### WORK REQUIRED
Copy the listing below letter for letter, passing over each picture.

(Beginning of INFORMATION SHOWN)

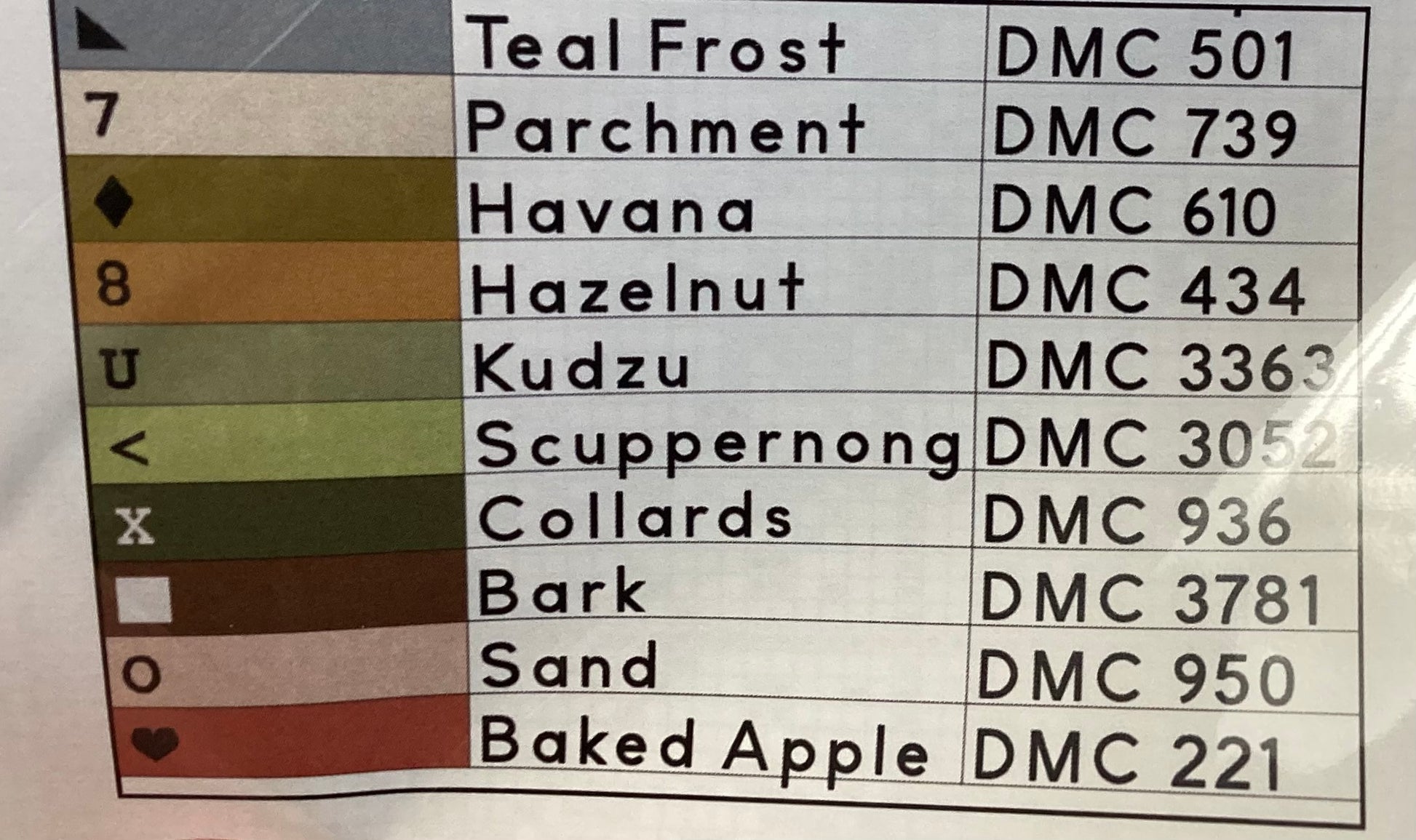 Stitch count: 80 x 120 on 32 count Straw by Weeks Dye works
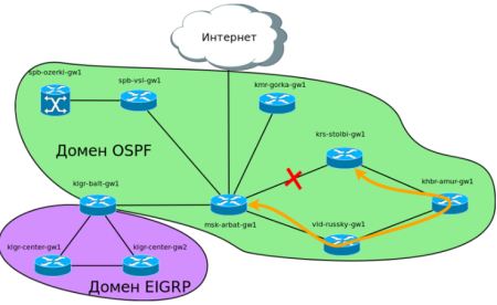 Переход должен быть совершен без разрывов связи. Было решено, что лучшим вариантом будет параллельно с EIGRP поднять OSPF на трёх маршрутизаторах Калининграда и после того, как будет проверено, что вся информация о маршрутах Калининграда распространилась по остальной сети и наоборот, отключить EIGRP.
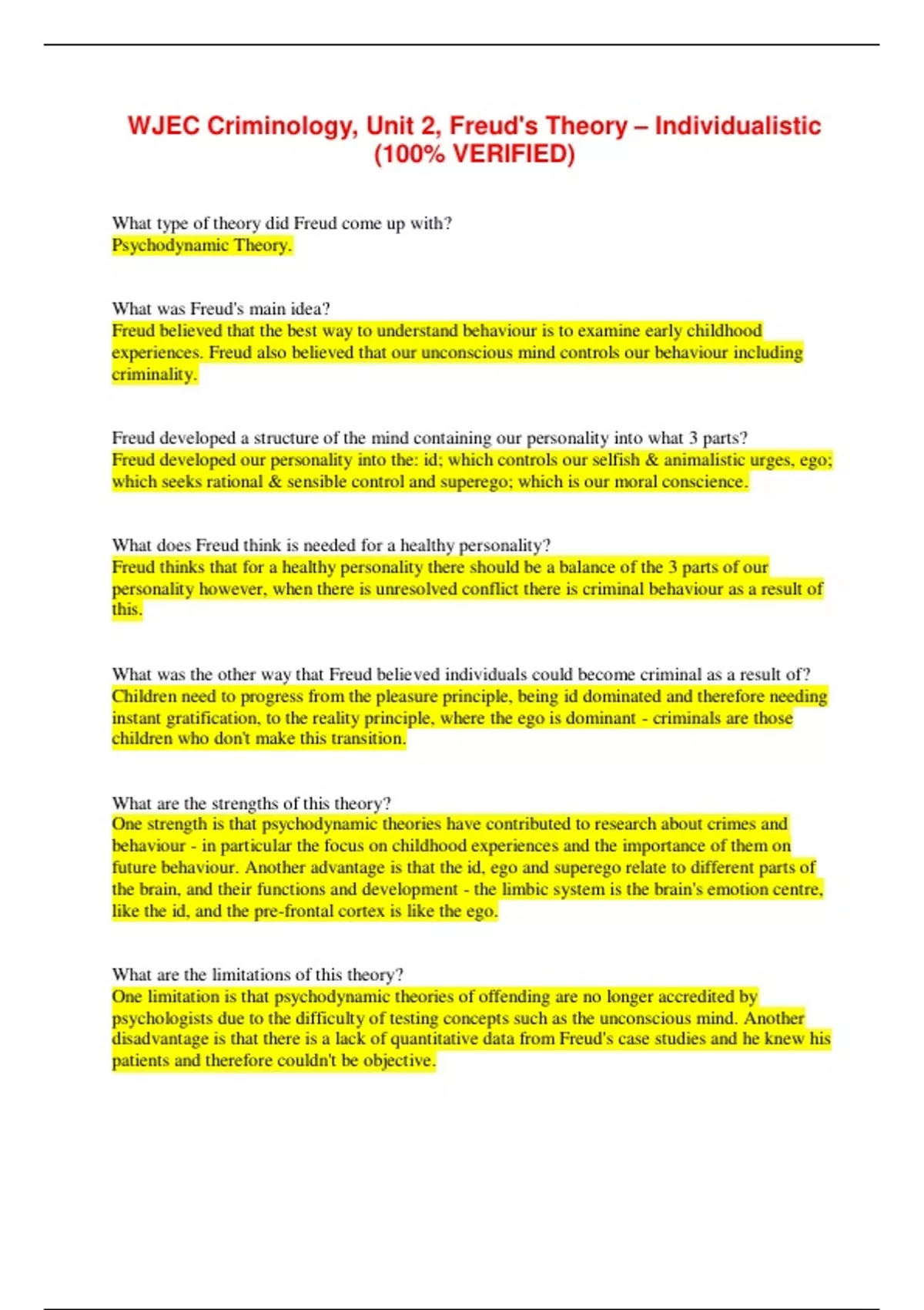 WJEC Criminology, Unit 2, Freud's Theory – Individualistic (100% VERIFIED).
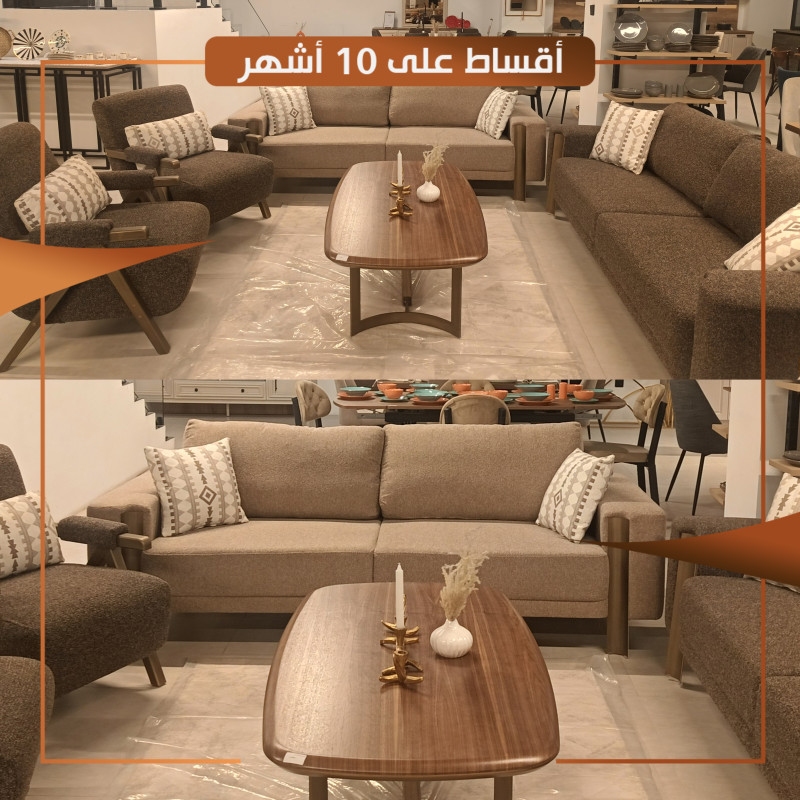 طقم اتلانتس 8 مقاعد اللون جوزي و كريمي - تركي

(End of INFORMATION SHOWN)

### WORKED SOLUTION
 Stitch count: 80 x 120 on 32 count Straw by Weeks Dye works
 Переход должен быть совершен без разрывов связи. Было решено, что лучшим вариантом будет параллельно с EIGRP поднять OSPF на трёх маршрутизаторах Калининграда и после того, как будет проверено, что вся информация о маршрутах Калининграда распространилась по остальной сети и наоборот, отключить EIGRP.
 WJEC Criminology, Unit 2, Freud's Theory – Individualistic (100% VERIFIED).
 طقم اتلانتس 8 مقاعد اللون جوزي و كريمي - تركي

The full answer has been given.